As observed in the question, the probability that a Poisson is at least $2$ is $1$ minus the probability that it's $0$ or $1$, which lets us simplify the expression for $F(\lambda)$ somewhat: we can write $F(\lambda) = \left(e^{\lambda/10} - 1 - \lambda/10\right)^{10}$.

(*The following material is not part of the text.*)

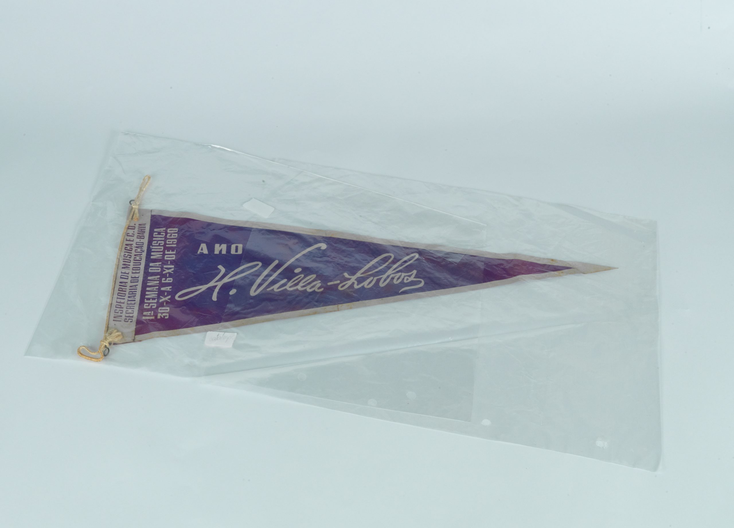 Flâmula em fundo preto com margens brancas, inscrições no topo da flâmula na vertical ("Inspetoria de música EC.O. Secretaria de Educação - Bahia" - "1ª Semana da Música 30 - X- A 6-X de 1960") e inscrições ao longo da flâmula (assinatura de H, Villa-Lobos). Ano Villa-Lobos. 30/10 a 06/11/1960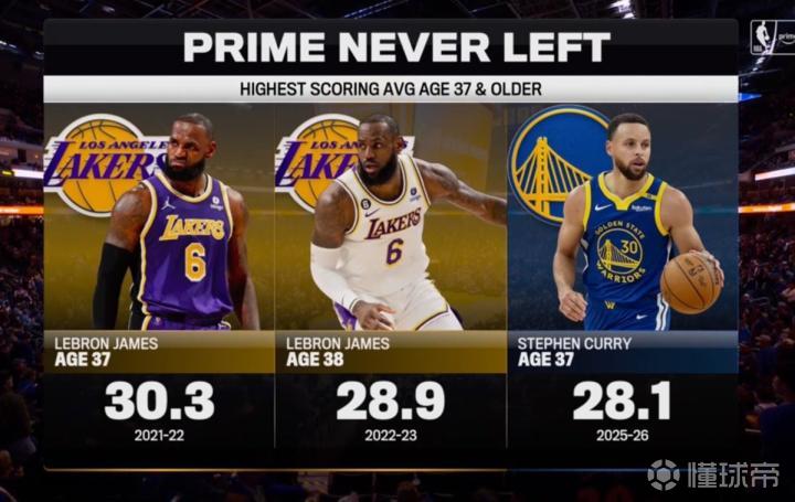 同样顶尖,37岁詹姆斯场均得分30.3分,高于37岁库里本赛季的28.1分

Another way to find the coefficient of $\lambda^{43}/43!$ in $F(\lambda)$ is to take the $43^{\text{rd}}$ derivative with respect to $\lambda$, and then set $\lambda=0$. This is still not something we'd want to do by hand, but it's easier to enter into most computer algebra systems. For example, both Mathematica and Wolfram Alpha accept the following:

D[(Exp[λ/10] - 1 - λ/10)^10, {λ,43}] /. λ -> 0

Another approach is the inclusion-exclusion one: this gives a probability of $$\sum_{a=0}^{10} \sum_{b=0}^{10-a} (-1)^{a+b} \binom{10}{a,b,10-a-b} \frac{43!}{(43-b)!} \left(\frac1{10}\right)^b \left(1-\frac{a+b}{10}\right)^{43-b}$$ where the idea is that the $(a,b)$ term accounts for cases where we pick $a$ children to get $0$ cookies and $b$ children to get $1$ cookie (and leave the remaining children undetermined). So we must decide which children are playing which role in $\binom{10}{a,b,10-a-b}$ ways, which cookies are going to the $b$ children with just one cookie in $\frac{43!}{(43-b)!}$ ways, then multiply by the probability that those cookies are doing what we said they would, $\left(\frac1{10}\right)^b$, and the probability that no other cookies go to these $a+b$ children, $\left(1-\frac{a+b}{10}\right)^{43-b}$.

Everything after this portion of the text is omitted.